_Problem to solve_
Produce word for word the lines of the data below running from the one that has "Gli interventi riguarderanno" to the one that has "-교장 선생님이 다카하시를", inclusive, and no others.

_Extracted entries_

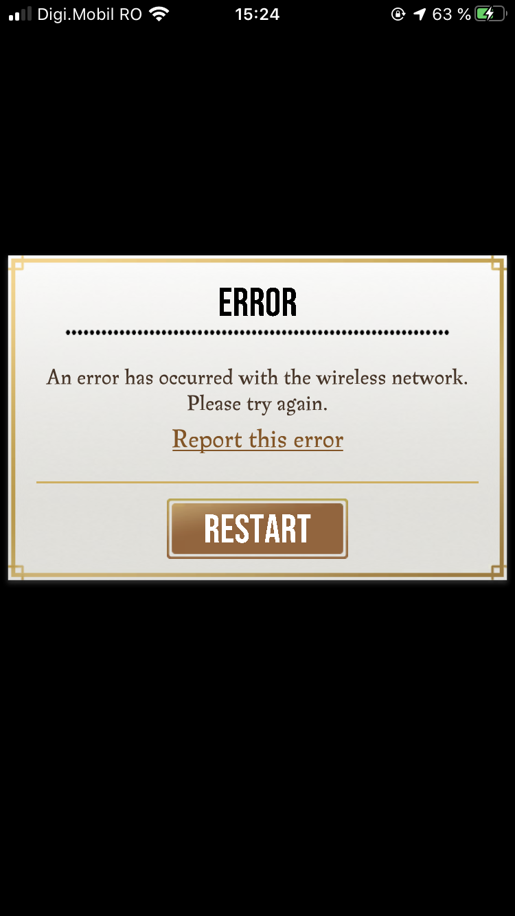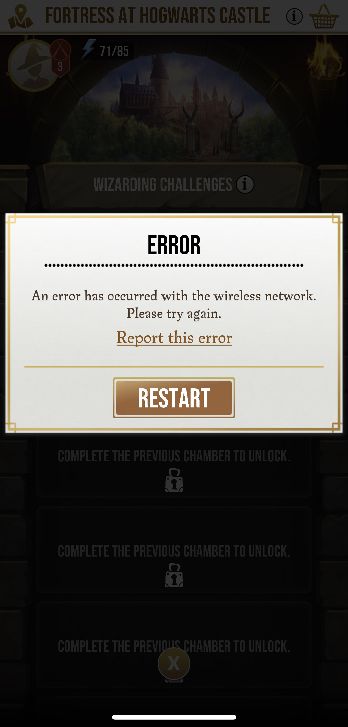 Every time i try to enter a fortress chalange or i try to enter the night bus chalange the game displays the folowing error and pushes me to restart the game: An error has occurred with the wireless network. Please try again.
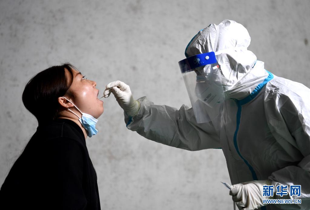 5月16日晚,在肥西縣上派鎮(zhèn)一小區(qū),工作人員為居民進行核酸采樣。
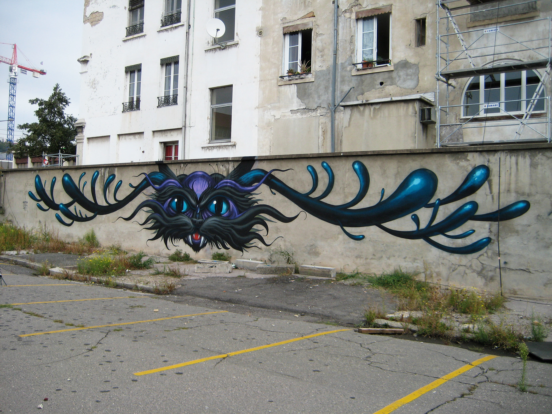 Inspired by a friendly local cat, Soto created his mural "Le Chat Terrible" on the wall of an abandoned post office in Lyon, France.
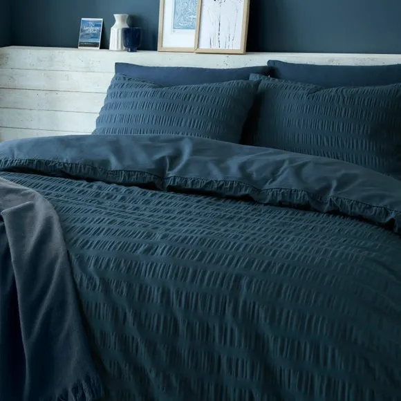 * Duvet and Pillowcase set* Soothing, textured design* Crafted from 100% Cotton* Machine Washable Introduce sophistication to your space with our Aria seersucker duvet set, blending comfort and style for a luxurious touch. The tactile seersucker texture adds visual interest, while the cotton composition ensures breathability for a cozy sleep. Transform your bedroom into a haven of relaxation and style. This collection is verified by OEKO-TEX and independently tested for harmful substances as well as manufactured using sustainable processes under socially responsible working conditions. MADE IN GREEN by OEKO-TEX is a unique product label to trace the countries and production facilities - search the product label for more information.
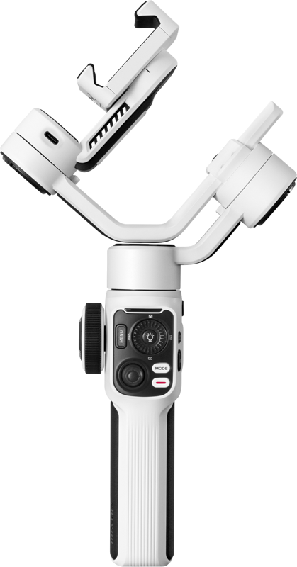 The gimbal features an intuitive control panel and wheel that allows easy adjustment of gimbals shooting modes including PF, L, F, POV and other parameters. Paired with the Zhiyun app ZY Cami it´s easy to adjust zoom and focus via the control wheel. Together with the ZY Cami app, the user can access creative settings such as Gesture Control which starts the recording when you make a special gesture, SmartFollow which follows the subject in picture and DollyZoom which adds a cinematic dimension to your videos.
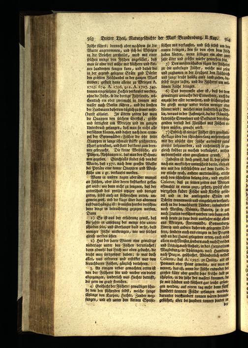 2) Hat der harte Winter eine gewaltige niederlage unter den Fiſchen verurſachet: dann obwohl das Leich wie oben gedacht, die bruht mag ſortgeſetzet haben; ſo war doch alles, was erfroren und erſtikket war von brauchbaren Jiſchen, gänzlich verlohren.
--
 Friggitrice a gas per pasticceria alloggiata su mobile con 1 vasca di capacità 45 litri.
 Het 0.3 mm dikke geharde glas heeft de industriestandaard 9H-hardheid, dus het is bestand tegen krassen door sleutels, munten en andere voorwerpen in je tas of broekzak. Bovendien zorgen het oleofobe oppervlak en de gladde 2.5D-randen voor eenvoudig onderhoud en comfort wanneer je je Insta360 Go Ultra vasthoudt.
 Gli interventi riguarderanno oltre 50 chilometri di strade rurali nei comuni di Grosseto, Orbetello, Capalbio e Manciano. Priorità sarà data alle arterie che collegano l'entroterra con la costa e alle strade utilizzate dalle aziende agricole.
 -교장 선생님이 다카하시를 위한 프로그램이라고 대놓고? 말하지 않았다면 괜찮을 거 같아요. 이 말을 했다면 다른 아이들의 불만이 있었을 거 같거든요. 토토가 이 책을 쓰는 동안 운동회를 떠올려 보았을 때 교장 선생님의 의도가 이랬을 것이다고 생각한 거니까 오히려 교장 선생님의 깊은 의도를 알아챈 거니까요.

_Your solution_
 Gli interventi riguarderanno oltre 50 chilometri di strade rurali nei comuni di Grosseto, Orbetello, Capalbio e Manciano. Priorità sarà data alle arterie che collegano l'entroterra con la costa e alle strade utilizzate dalle aziende agricole.
 -교장 선생님이 다카하시를 위한 프로그램이라고 대놓고? 말하지 않았다면 괜찮을 거 같아요. 이 말을 했다면 다른 아이들의 불만이 있었을 거 같거든요. 토토가 이 책을 쓰는 동안 운동회를 떠올려 보았을 때 교장 선생님의 의도가 이랬을 것이다고 생각한 거니까 오히려 교장 선생님의 깊은 의도를 알아챈 거니까요.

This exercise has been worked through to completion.